Regulations last checked for updates: Nov 22, 2024

Title 30 - Mineral Resources last revised: Nov 19, 2024
§ 250.241 - What subsea systems and pipeline information must my DWOP include?

(a) You must include the following information common to the subsea system and the associated pipeline systems, which constitute all or part of a single project development covered by the DWOP and/or is consistent with activities addressed in your associated pipeline application, as applicable:

(1) The subsea field schematic depicting the planned subsea development equipment and infrastructure, including wells/trees, non-pipe subsea equipment, pipeline route(s), pipeline riser systems, umbilical(s), and platform footprint;

(2) A description of the subsea development project detailing the subsea and pipeline equipment design criteria and analysis procedures (including industry standards, pressure and temperature ratings, materials selection), testing methods, and general operational procedures;

(3) A description of the fabrication and assembly/testing location of subsea trees, pipelines, and non-pipe subsea equipment (manifold, Pipeline End Manifold (PLEM), Pipeline End Termination (PLET), Subsea Umbilical Termination Assembly (SUTA), subsea pumps, suction piles, etc.);

(4) A summary of the Integrity Management Program for subsea tieback development technologies, including a plan for inspection and monitoring to support assessment of the condition of the systems a minimum of once every 10 years. This should include, but is not limited to, the in-service inspections or surveys of hull and topsides structures, tendons, mooring, and pipeline and/or wellbore riser systems to assess component condition by inspection and analysis after each significant environmental event (e.g., hurricane, earthquake, loop and eddy currents, or mudslide) impacting the system, or once every 10 years, whichever occurs first. You must also include in your Integrity Management Plan a description of how you will determine significant environmental events; and

(5) A summary of safety and environmental controls.

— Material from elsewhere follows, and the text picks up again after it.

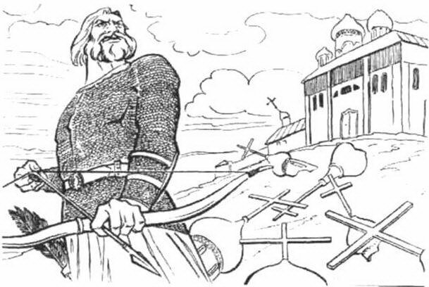 Как мы видим, русский богатырь не просто негативно относится к христианству – он буквально идёт на него войной. Но храмы не рушит (они были и раньше), а удаляет лишь маковки (то есть навершие куполов, что “ошеломило” народ, “одурманило”, недаром маком и дурманом называют один из наркотиков) и языки с колоколов (символ лживой речи). Символически обозначено и отрицательное отношение ко всему, что связано с христианством. Это видно и в обращении богатыря к Алёше Поповичу, оскорбившему гостей на пиру главного героя.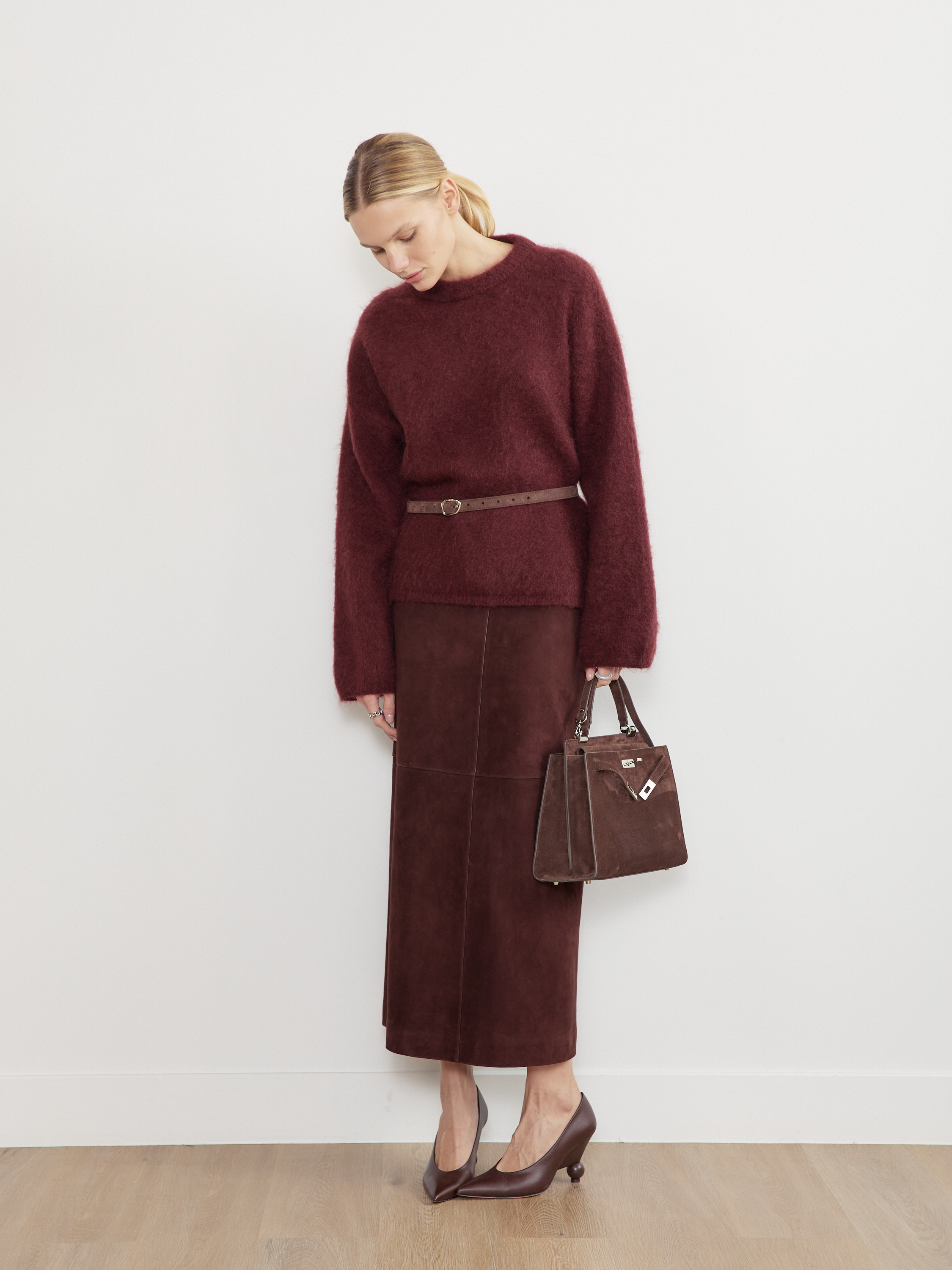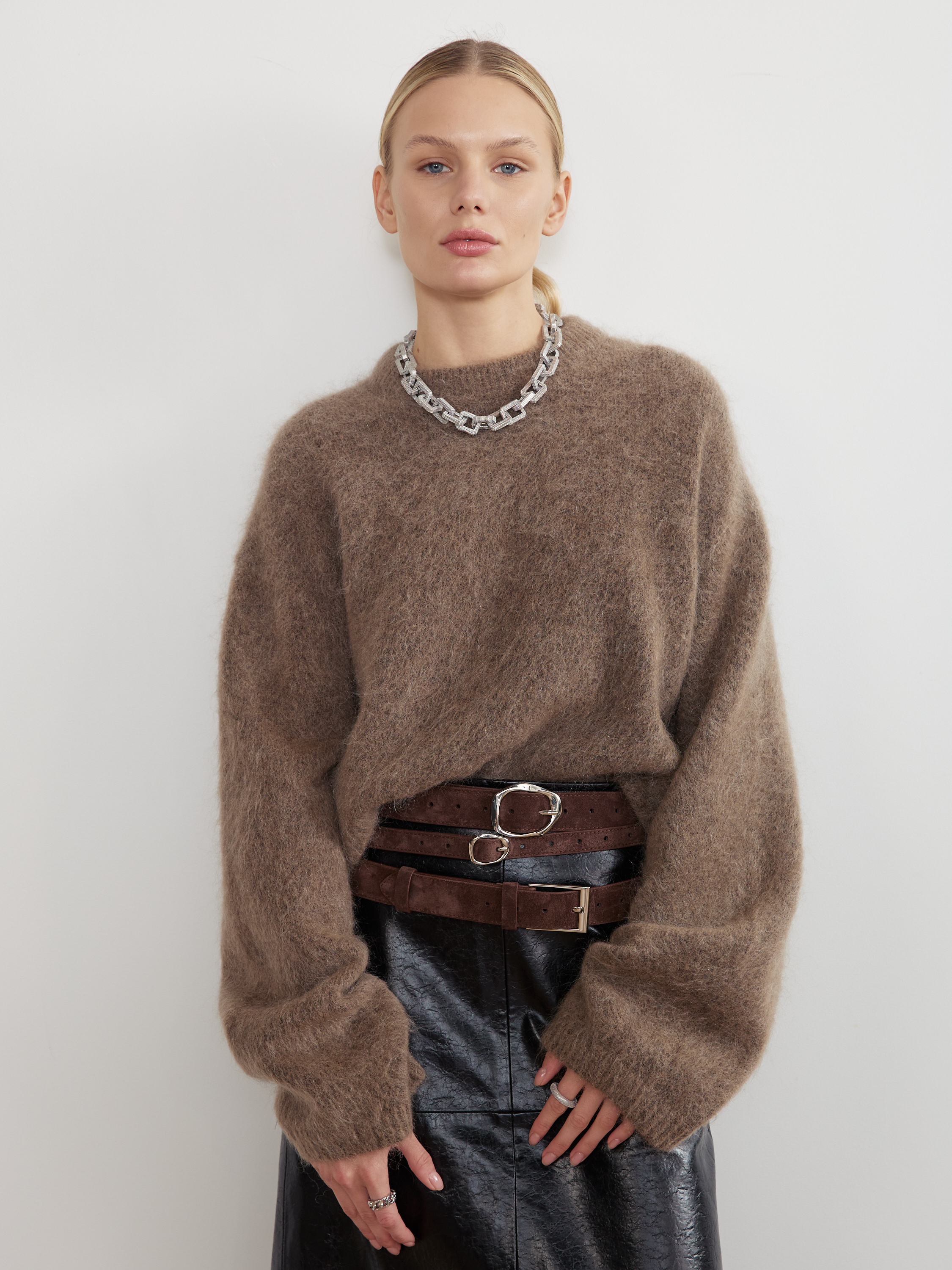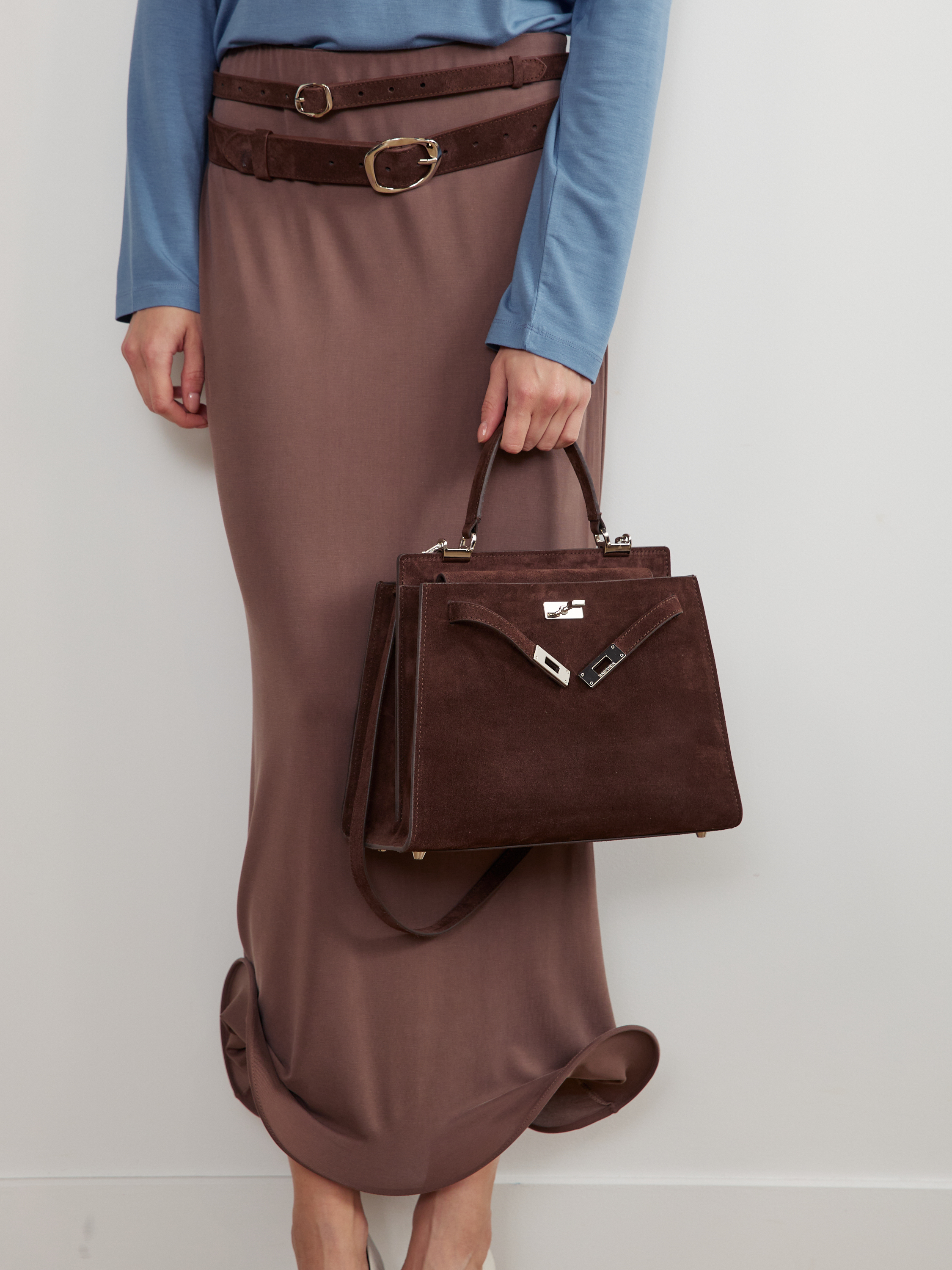 Базовый тонкий ремень в два оборота из натуральной замши с минималистичной пряжкой. С обратной стороны натуральная кожа.

(b) You must include the following information about subsea systems that constitute all or part of a single project development covered by the DWOP:

(1) The system control type (e.g., direct hydraulic or electro-hydraulic);

(2) Well tree(s), wellhead, and non-pipe equipment general arrangement drawings and schematics, with size and valve type annotations to illustrate the tree and other equipment in operation;

(3) The estimated shut-in tubing pressure for the proposed well(s), including the calculation used to arrive at the estimate, specifying TVD, reservoir pressure, and the fluid gradient used, or a brief discussion of the PVT data used for estimation;

(4) The wellbore static bottomhole temperature and the estimated flowing temperature at the tree, including a description of the method used to calculate this estimate;

(5) A description of the umbilical(s) and umbilical connection(s), including an umbilical cross-section schematic;

(6) A description of the chemical or other injection systems and/or enhanced recovery systems you plan to use;

(7) A description of the corrosion monitoring and prevention/inhibition processes;

(8) Details of any re-furbished and/or re-certified equipment you plan to use; and

(9) A schedule of development activities, including well completion, facility installation, and anticipated date of first oil.

(c) You must include the following pipeline information in your DWOP, as applicable, to be consistent with your associated pipeline application(s):

(1) General design and fabrication information for each pipeline riser system;

(2) If you propose to use a pipeline free standing hybrid riser (FSHR) on a permanent installation that uses a buoyancy air can suspended from the top of the riser, you must provide the following information in your DWOP as part of the discussions required by paragraphs (b)(1) and (2) of this section:

(i) A detailed description and drawings of the FSHR, buoy, and the associated connection system;

(ii) Detailed information regarding the system used to connect the FSHR to the buoyancy air can, and associated redundancies; and

(iii) Descriptions of your monitoring system and monitoring plan for the pipeline FSHR and the associated connection system for fatigue, stress, and any other abnormal condition (e.g., corrosion), that may negatively impact the riser system's integrity.

(3) Pipeline and pipeline riser installation methods.

authority: 30 U.S.C. 1751,31.S.C. 9701, 33 U.S.C. 1321(j)(1)(C), 43 U.S.C. 1334.